-- Material for this exercise follows --

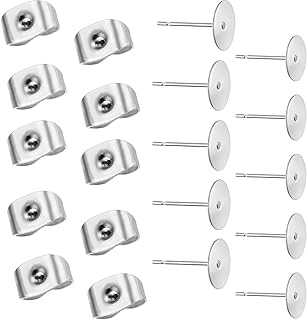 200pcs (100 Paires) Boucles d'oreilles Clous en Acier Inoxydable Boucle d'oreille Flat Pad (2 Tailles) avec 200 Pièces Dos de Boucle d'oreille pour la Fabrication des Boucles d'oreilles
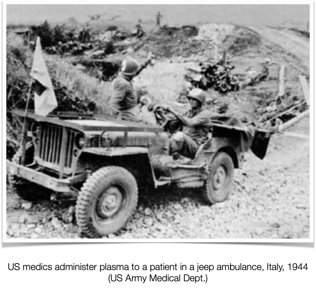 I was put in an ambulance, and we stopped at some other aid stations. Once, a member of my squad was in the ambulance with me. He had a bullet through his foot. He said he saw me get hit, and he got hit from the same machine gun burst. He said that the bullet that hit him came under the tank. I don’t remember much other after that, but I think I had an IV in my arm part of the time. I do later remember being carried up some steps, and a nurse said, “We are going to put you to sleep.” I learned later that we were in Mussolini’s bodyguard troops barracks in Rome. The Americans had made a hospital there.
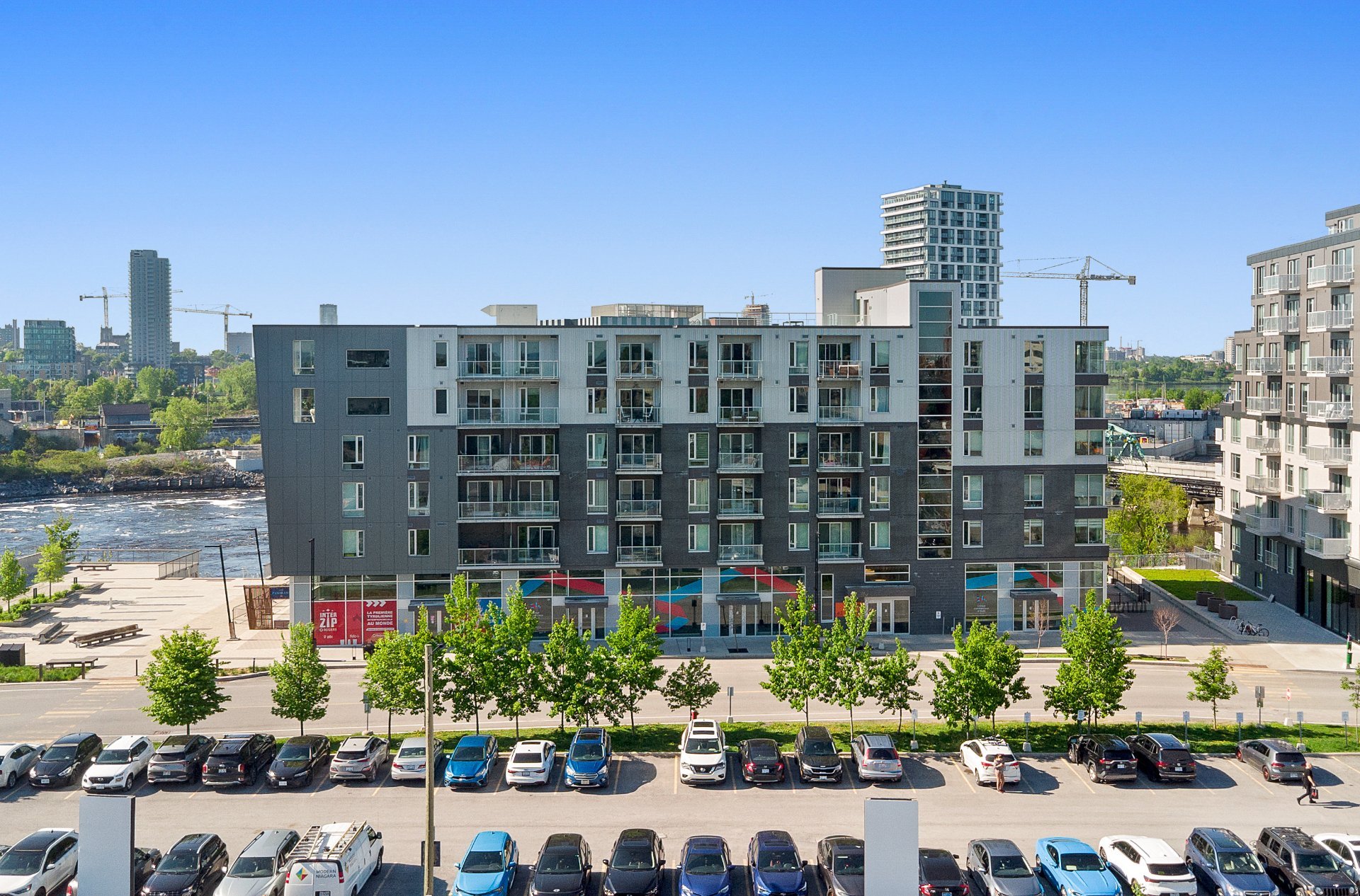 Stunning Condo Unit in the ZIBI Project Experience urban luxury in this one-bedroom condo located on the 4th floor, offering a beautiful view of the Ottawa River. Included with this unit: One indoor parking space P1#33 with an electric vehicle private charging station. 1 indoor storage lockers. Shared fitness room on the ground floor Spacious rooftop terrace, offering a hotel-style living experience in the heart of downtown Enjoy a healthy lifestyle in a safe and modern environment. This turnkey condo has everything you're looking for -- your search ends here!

-- Material for this exercise concluded --
-- Material for this exercise follows --

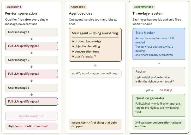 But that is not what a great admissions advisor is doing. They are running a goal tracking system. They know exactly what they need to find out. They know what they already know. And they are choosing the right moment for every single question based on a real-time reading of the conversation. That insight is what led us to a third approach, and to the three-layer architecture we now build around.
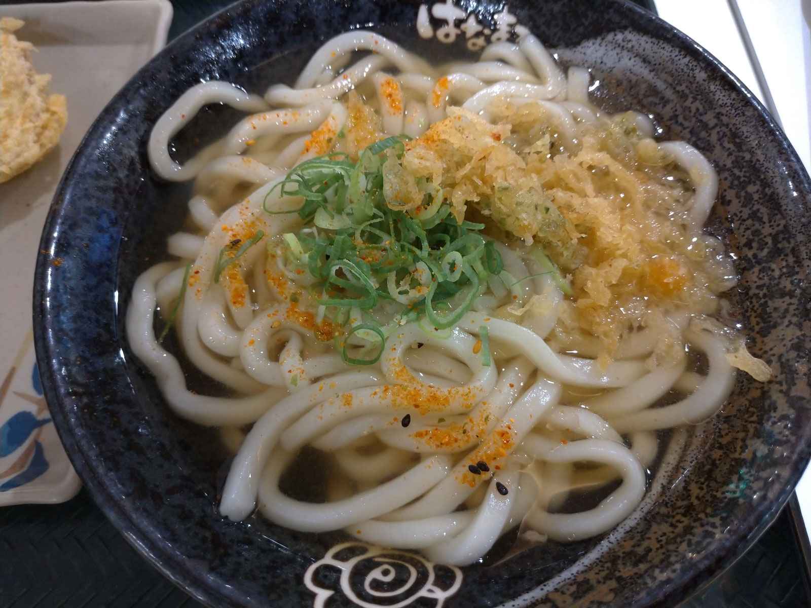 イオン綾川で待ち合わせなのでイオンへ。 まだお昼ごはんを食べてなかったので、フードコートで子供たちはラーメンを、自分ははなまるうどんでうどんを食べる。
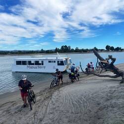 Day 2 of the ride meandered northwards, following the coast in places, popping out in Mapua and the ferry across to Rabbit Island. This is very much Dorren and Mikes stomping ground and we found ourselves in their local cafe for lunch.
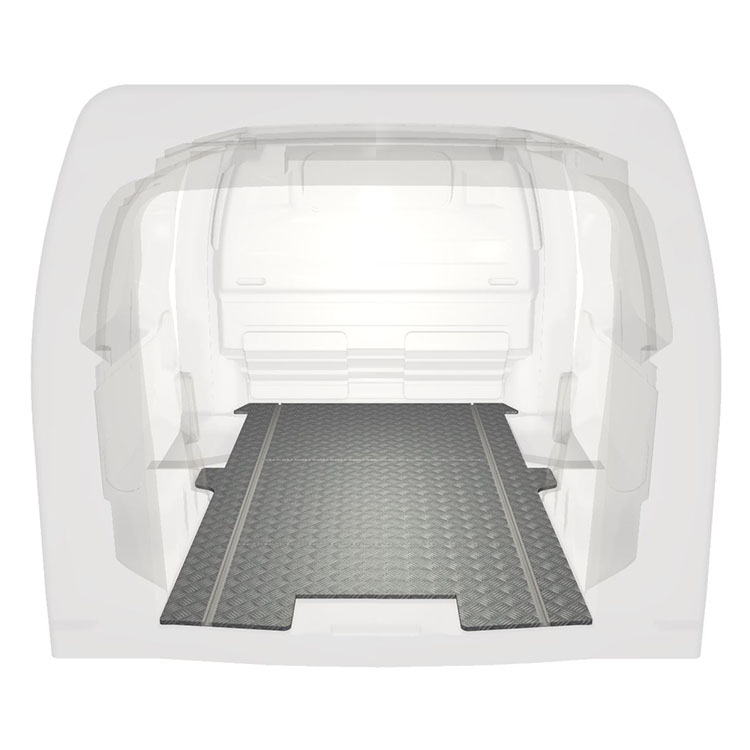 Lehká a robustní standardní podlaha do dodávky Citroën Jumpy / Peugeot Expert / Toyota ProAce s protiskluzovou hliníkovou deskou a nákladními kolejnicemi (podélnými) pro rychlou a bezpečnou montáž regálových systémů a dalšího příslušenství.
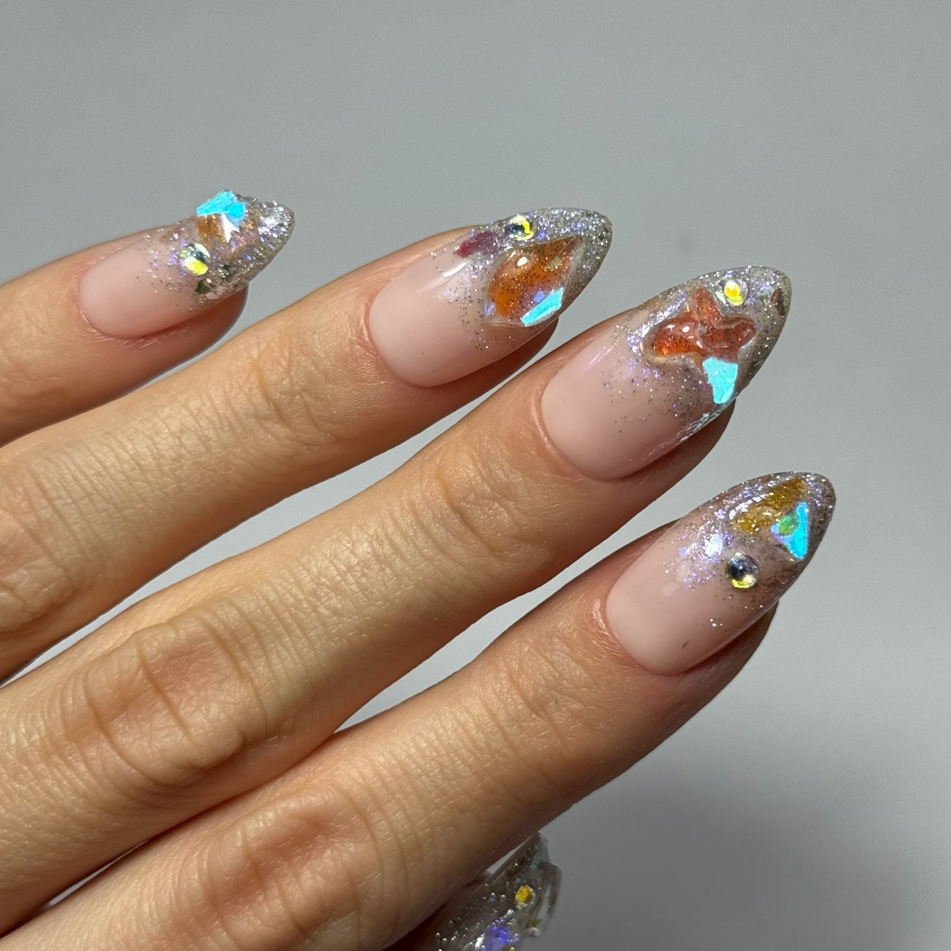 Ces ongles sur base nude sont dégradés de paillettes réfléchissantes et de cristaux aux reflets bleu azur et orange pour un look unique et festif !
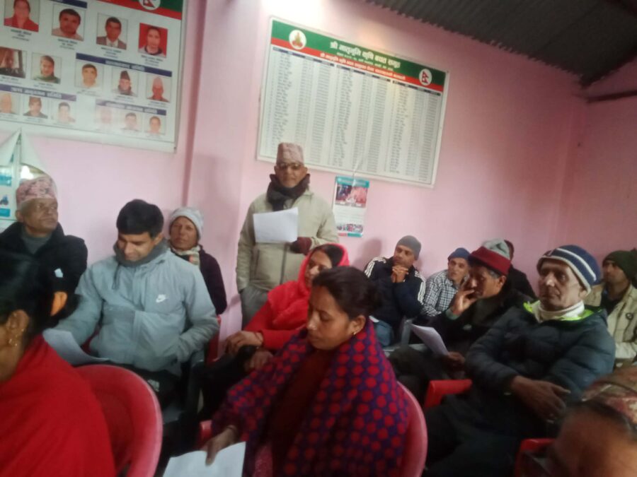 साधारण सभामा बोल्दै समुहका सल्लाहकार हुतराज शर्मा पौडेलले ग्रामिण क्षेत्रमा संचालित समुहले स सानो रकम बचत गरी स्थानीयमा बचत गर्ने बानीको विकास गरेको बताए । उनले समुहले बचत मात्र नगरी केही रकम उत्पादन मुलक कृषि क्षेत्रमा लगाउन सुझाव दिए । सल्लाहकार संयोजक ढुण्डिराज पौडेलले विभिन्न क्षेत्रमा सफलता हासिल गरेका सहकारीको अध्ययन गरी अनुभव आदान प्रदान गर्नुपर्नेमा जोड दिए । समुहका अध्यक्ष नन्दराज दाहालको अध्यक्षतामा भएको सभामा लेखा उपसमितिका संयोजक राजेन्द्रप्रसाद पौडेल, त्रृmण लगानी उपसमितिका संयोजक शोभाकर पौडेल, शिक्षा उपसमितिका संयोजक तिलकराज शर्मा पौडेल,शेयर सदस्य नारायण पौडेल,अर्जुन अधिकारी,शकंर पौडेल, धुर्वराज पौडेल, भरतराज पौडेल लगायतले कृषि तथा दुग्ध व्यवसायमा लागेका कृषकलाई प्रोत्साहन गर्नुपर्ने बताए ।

-- Material for this exercise concluded --
-- Material for this exercise follows --

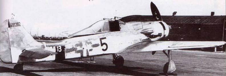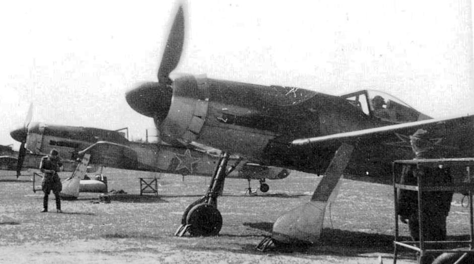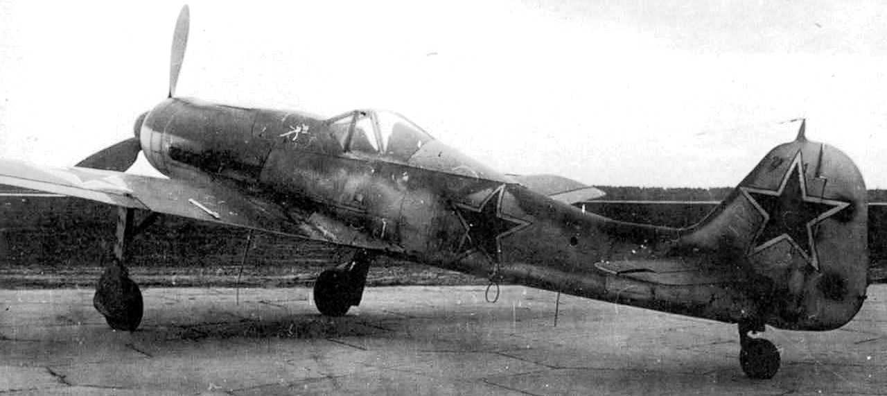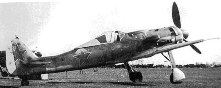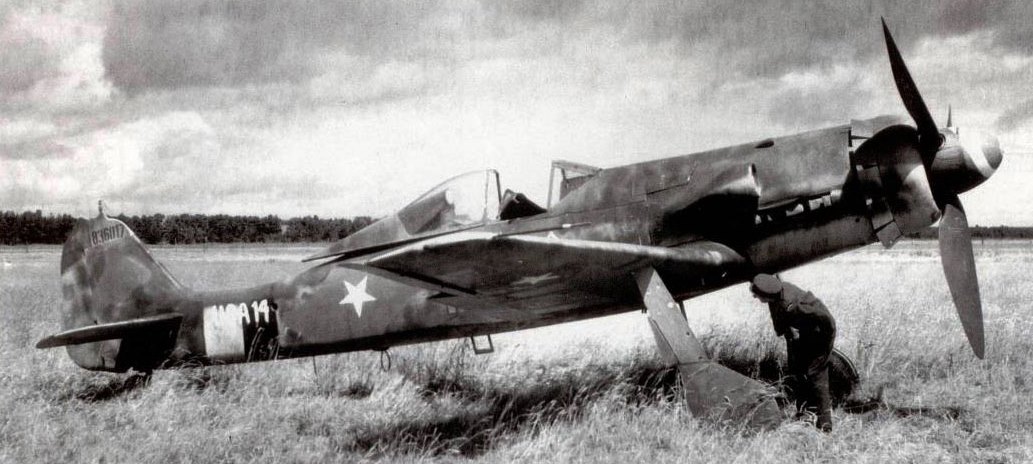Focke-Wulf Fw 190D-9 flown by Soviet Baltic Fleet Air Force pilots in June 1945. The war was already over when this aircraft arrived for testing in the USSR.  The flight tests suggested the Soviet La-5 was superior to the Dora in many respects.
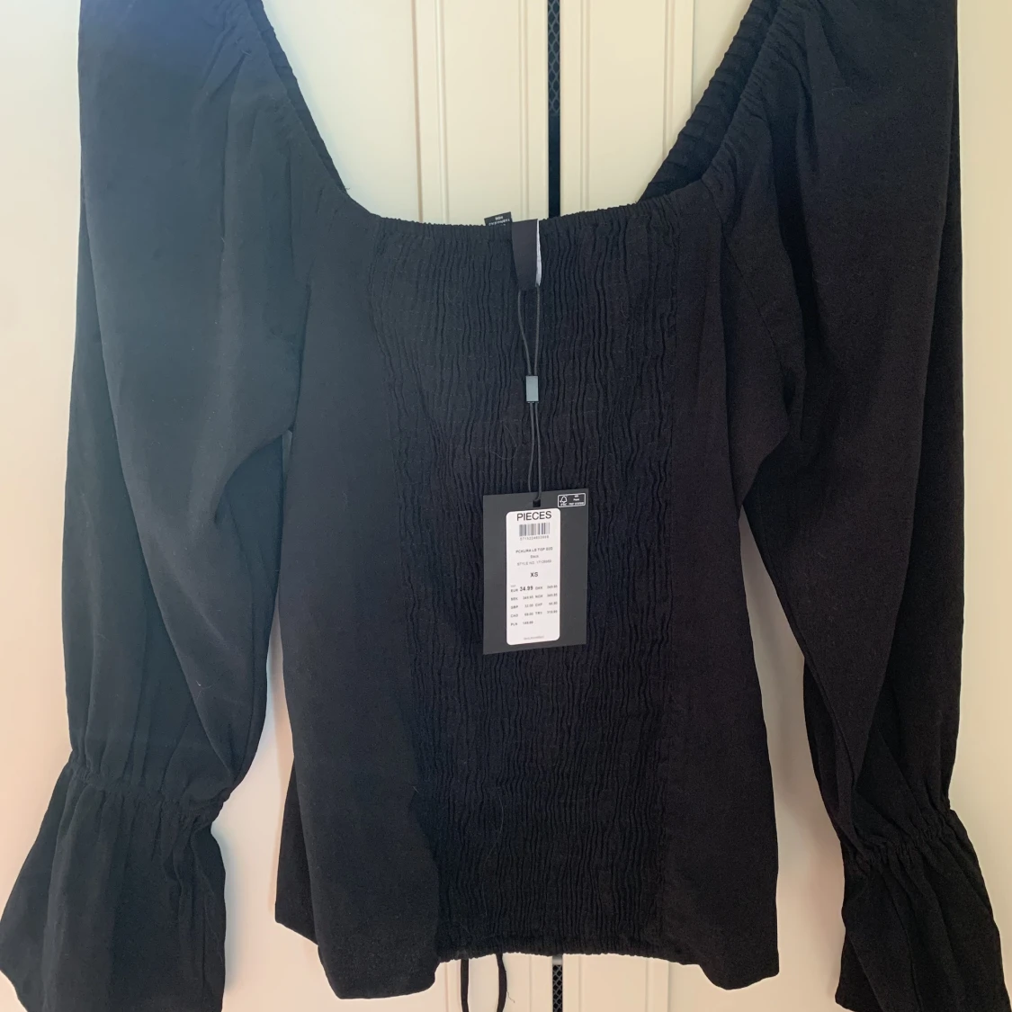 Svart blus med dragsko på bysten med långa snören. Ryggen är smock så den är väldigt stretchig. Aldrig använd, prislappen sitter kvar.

-- Material for this exercise concluded --

What is needed => I'd like the lines above repeated exactly, from the one that contains "Day 2 of the" through the one that contains "साधारण सभामा बोल्दै", with no pictures.

Your response =>
 Day 2 of the ride meandered northwards, following the coast in places, popping out in Mapua and the ferry across to Rabbit Island. This is very much Dorren and Mikes stomping ground and we found ourselves in their local cafe for lunch.
 Lehká a robustní standardní podlaha do dodávky Citroën Jumpy / Peugeot Expert / Toyota ProAce s protiskluzovou hliníkovou deskou a nákladními kolejnicemi (podélnými) pro rychlou a bezpečnou montáž regálových systémů a dalšího příslušenství.
 Ces ongles sur base nude sont dégradés de paillettes réfléchissantes et de cristaux aux reflets bleu azur et orange pour un look unique et festif !
 साधारण सभामा बोल्दै समुहका सल्लाहकार हुतराज शर्मा पौडेलले ग्रामिण क्षेत्रमा संचालित समुहले स सानो रकम बचत गरी स्थानीयमा बचत गर्ने बानीको विकास गरेको बताए । उनले समुहले बचत मात्र नगरी केही रकम उत्पादन मुलक कृषि क्षेत्रमा लगाउन सुझाव दिए । सल्लाहकार संयोजक ढुण्डिराज पौडेलले विभिन्न क्षेत्रमा सफलता हासिल गरेका सहकारीको अध्ययन गरी अनुभव आदान प्रदान गर्नुपर्नेमा जोड दिए । समुहका अध्यक्ष नन्दराज दाहालको अध्यक्षतामा भएको सभामा लेखा उपसमितिका संयोजक राजेन्द्रप्रसाद पौडेल, त्रृmण लगानी उपसमितिका संयोजक शोभाकर पौडेल, शिक्षा उपसमितिका संयोजक तिलकराज शर्मा पौडेल,शेयर सदस्य नारायण पौडेल,अर्जुन अधिकारी,शकंर पौडेल, धुर्वराज पौडेल, भरतराज पौडेल लगायतले कृषि तथा दुग्ध व्यवसायमा लागेका कृषकलाई प्रोत्साहन गर्नुपर्ने बताए ।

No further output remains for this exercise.